PAK SOPIR DAN PEDAGANG YANG JUALAN MAKANAN DI SIANG ROMADLON

 MAKAN               Malam dan siang bukanlah penghalang untuk melakukan perjalanan bagi mereka yang ada keperluan seperti pedagang umpamanya. Walaupun sedang melaksanakan ibadah puasa romadlon dan matahari dengan panasnya mulai menyengat, mereka tetap tidak menghiraukanya.
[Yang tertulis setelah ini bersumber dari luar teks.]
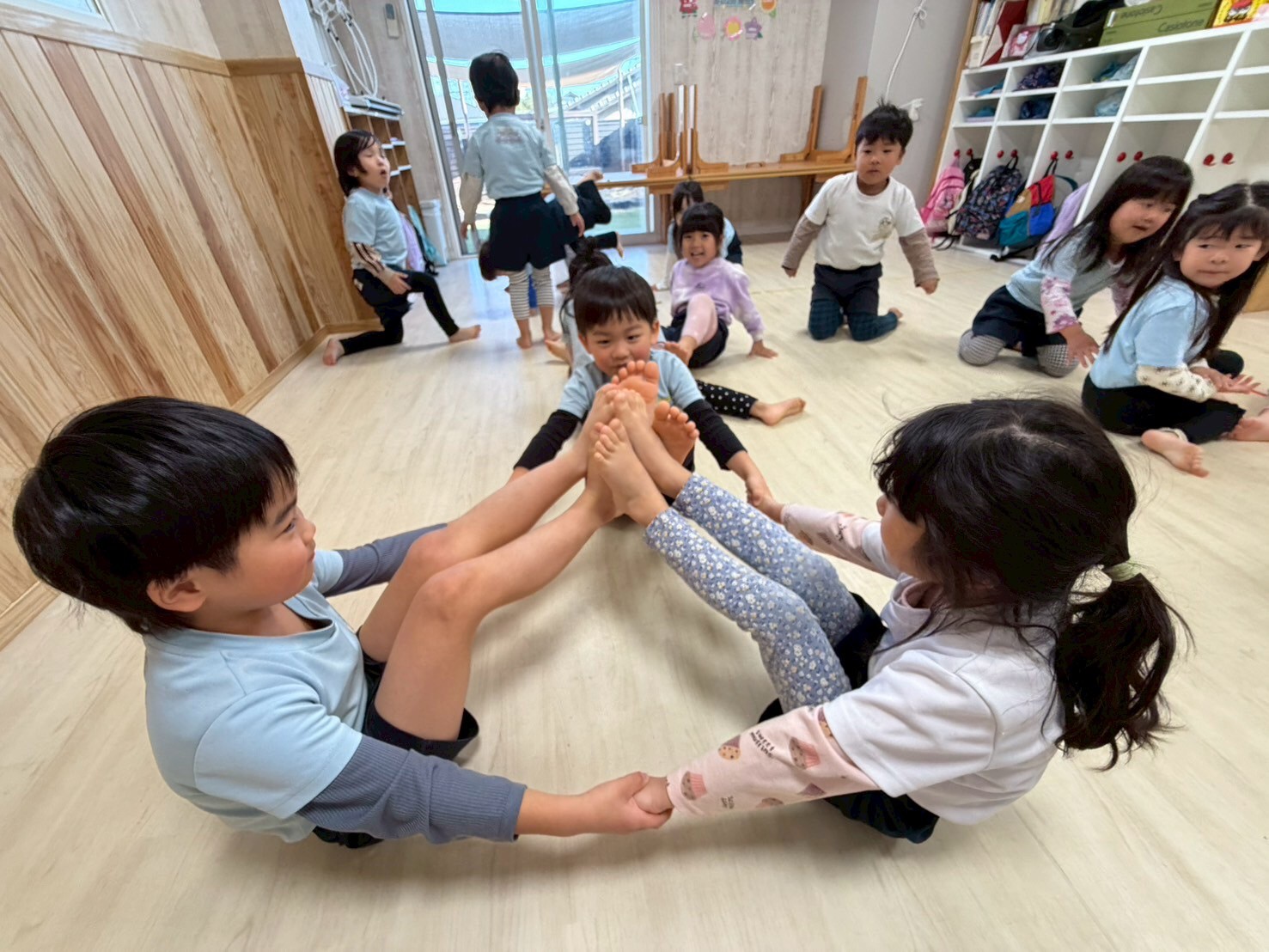 今日は「くずかごおばけ」という絵本を読みました📙ちょっぴり怖い場面があり、絵本の世界にどっぷり入っていた子どもたちです🤗それかわ、ふれあい遊びをしました✨組体操のように数人で手を繋いで足をあげたり「猛獣狩り🦁🦣🦒」をしたりと、遊びの展開がとてもおもしろかったようです😆その後、園庭で氷鬼ごっこや鬼ごっこ、砂場でゆっくりと遊び、順番が来たら歯科検診を受けました🦷大人の歯が生えている子もいれば、虫歯の子も😱😱😱まだ仕上げ磨きが必要ですので、頑張りましょうね‼️本日、検診結果を持ち帰っていますので、ご覧になり通院が必要な場合は早目に病院にいくようよろしくお願いします🙇♀️

Hal itu di lakukan demi menghidupi keluarga mereka yang merupakan amanah dari yang maha kuasa.

Tetapi yang namanya manusia selalu tidak selamanya dalam kondisi yang fit atau juga sehat, karena memang manusia adalah makhluk yang tidak sempurna, sehingga terkadang karena faktor kecapean dan situasi bisa menyebabkan mereka yang sedang bepergian mengalami dehidrasi yang berlebihan.

Apakah membatalkan puasa bagi orang yang bepergian jauh di perbolehkan? Sementara perginya mereka dari rumah setelah terbitnya fajar?

Di dalam kitab Marqotus Su’udit Tashdiq halaman 43 yang merupakan syarah dari kitab Sulam Munajat di jelaskan bahwa orang yang bepergian setelah terbitnya fajar maka tidak boleh membatalkan puasa, karena di perbolehkanya musafir membatalkan puasa adalah jika perginya sebelum fajar.

Namun, menurut Imam Muzani hal seperti dalam masalah di atas tetap di perbolehkan membatalkan puasa.

Masih seputar pedagang, di mana kata terpaksa sering di buat alasan sebagai pembenaran dari semua perbuatan yang di larang syari’at, sebagaimana realita yang terjadi di sekeliling kita. Walaupun sudah tahu bulan puasa masih saja ada pedagang yang jualan makanan di siang hari.

Sebenarnya, bolehkah menjual makanan di siang hari bulan romadlon?

Masalah menjual makanan di siang hari bulan romadlon sudah di jelaskan di dalam kitab I’anatut Tholibin juz 3 halaman 29 dan kitab Tuhfatul Mukhtaj juz 3 halaman 317,

Bahwa menjual makanan di siang hari bulan romadlon adalah tidak di perbolehkan, jika yang membelinya adalah di yakini dan di ketahui akan memakanya di siang hari bulan romadlon, dan boleh menjual makanan di siang hari bulan romadlon yang akan di makan untuk berbuka puasa.

Berbeda dengan pedagang, yaitu ketika yang bepergian adalah pak sopir yang selalu berada di perjalanan antar kota bahkan profinsi, hal itu di lakukan juga karena faktor tuntutan ekonomi. Kemudian, apakah bagi pak sopir di perbolehkan membatalkan puasa, mengingat pak sopir selalu bepergian?

Pak sopir memang di perbolehkan membatalkan puasa, jika mempunyai harapan ada waktu muqim(tidak bepergian) yang di gunakan untuk mengqodloi puasa yang di batalkanya. Namun menurut Ibnu Hajar, pak sopir boleh membatalkan puasanya meskipun tidak ada waktu muqim baginya, dan qodlo puasanya juga di lakukan di perjalanan. Masalah ini di terangkan dalam kitab Nihayatul Muhtaj juz 3 halaman 52, kitab Hasyiyah Qolyubi juz 2 halaman 82 dan kitab I’anatut Tholibin juz 2 halaman 88 juga kitab Kasyifatus Saja halaman 155.